PARKERSBURG, W.Va. (AP) - Providing children with fresh produce at an early age is one of the goals of a new program offered through the Child Care Food Program at Community Resources in Parkersburg.
Based on the national “Farm to Child Care” initiative, the new program works through CR’s in-home child care providers to provide more fresh fruits and vegetables to the children being cared for and served from infancy through 13 years.
Amy Snodgrass, co-director of the Child Care Food Program at Community Resources, said the program held one of its regular training sessions on April 30 at the Friendship Kitchen in Parkersburg for the in-home child care providers. The program focused on nutrition training for the providers who care for children in their homes under Community Resources and included the new fresh produce program which will incorporate home gardening into the existing program.
Snodgrass said there are 65 providers in 10 counties under the program, who provide in-home day care, along with meals and snacks which are re-imbursed to the providers through the federal Child Care Food program, which also supports school lunch programs.
The local counties represented on April 30 included Calhoun, Doddridge, Gilmer, Jackson, Pleasants, Ritchie, Roane, Tyler, Wirt and Wood.
“Farm to Child Care” is a growing trend nationally, Snodgrass said. It seeks to provide more fresh produce for children to eat. A lot of child care providers don’t have access to gardens or gardening opportunities, she said.
As an example, about 15 out of the local 65 providers have access to gardens, some personally and others through community garden programs like Point Park Marketplace in downtown Parkersburg.
Since it can be difficult to get children to a garden, the local CCF program recently came up with the idea of bringing the gardens to the children and received support in a grant from the Sisters Health Foundation, formerly the Sisters of St. Joseph Charitable Fund, Snodgrass said.
Following the April 30 training session, every provider was given a basic raised gardening kit from Lowes and three large bags of gardening soil. The kit, which measures 4 feet by 4 feet, can be set up similar to a child’s outdoor sandbox, filled with gardening soil and then planted with fruits and vegetables.
“What this will allow the 65 providers to do is garden at their home. It will allow fresh produce to be used in meals and snacks” for the children receiving care, Snodgrass said.
Snodgrass said officials have seen growing interest in such programs across the country through “Farm to Child Care” and similar initiatives. More schools are planting gardens and using the fresh produce in school meals, she said.
“Children are not eating fresh produce because people don’t have access to that. It’s allowing the meals and snacks to be all fresh, with fresh produce. The earlier you start introducing children to fresh produce and fresh vegetables, they will eat it. It will create a habit for a lifetime,” she said.

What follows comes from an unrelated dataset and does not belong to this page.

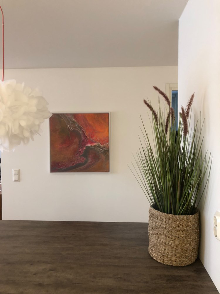 ”Paahde työ on löytänyt paikkansa kodissamme ja sopii hyvin sisustuksen värimaailmaan. Työ on kaunis ja voimaannuttava osa sisustusta. Oranssi väri ja upea kokonaisuus luovat minulle mielikuvan elämänvoimasta, sinnikkyydestä ja valoistasta tulevaisuudesta.”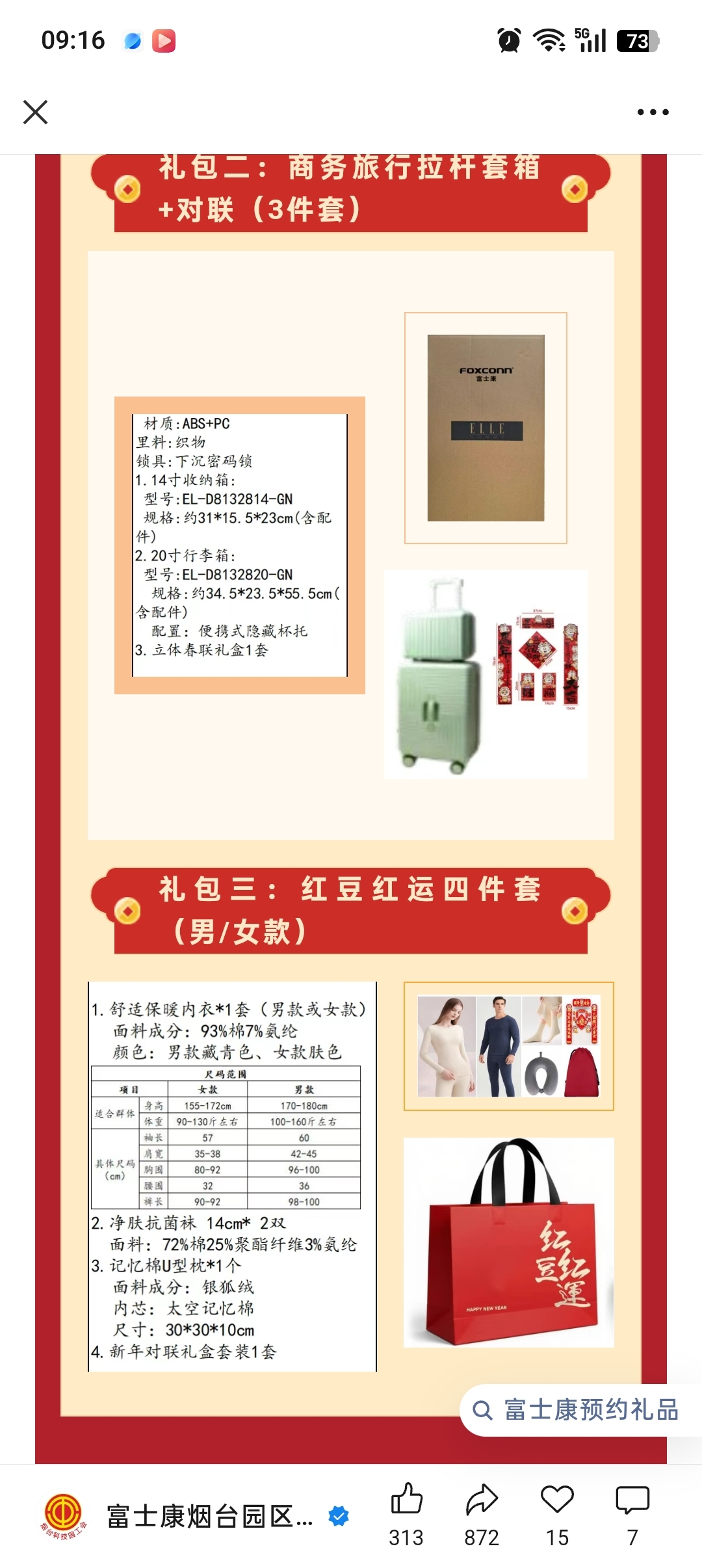 今年富士康的春节礼品有红豆保暖衣

Snodgrass believes the new initiative will have a large impact locally. Among the 65 providers locally, she said about 17,000 meals and snacks are provided each month to about 500 children enrolled in the child care program. She believes the incorporation of fresh produce will have a positive impact.
Snodgrass said each provider will have a choice about what they want to grow based on the likes of the children they care for. To help get everyone started, the providers were given a variety of plants at the session on April 30, including strawberry plants, tomato plants, cucumbers, green peppers and squash.
Sheila Carpenter, of Parkersburg, has been involved in gardening in her family for years and began participating in the community gardens at Point Park Marketplace last year. She has been an in-home child care provider for 14 years and has incorporated her personal gardening interest with that work by getting the children she cares for involved in the activity.
“I’ve had children who helped pick and helped dig in the soil and pick the weeds,” Carpenter said. “They really enjoy picking the tomatoes and eating them.”
She was glad to see the home gardening effort expanding at the April 30 training session.
“I think it’s a great educational opportunity to get kids into farming and knowing where their fruits and vegetables come from. It’s just an enjoyable activity for the kids,” she said.
Lisa Bower, of Parkersburg, has been a care provider for about 10 years and has gardening experience, but was just getting started with combining the two as she took home a garden kit and soil on April 30.
“I think it’s awesome and should benefit the kids really well,” she said.
“They like to help and then eat it,” Bower said.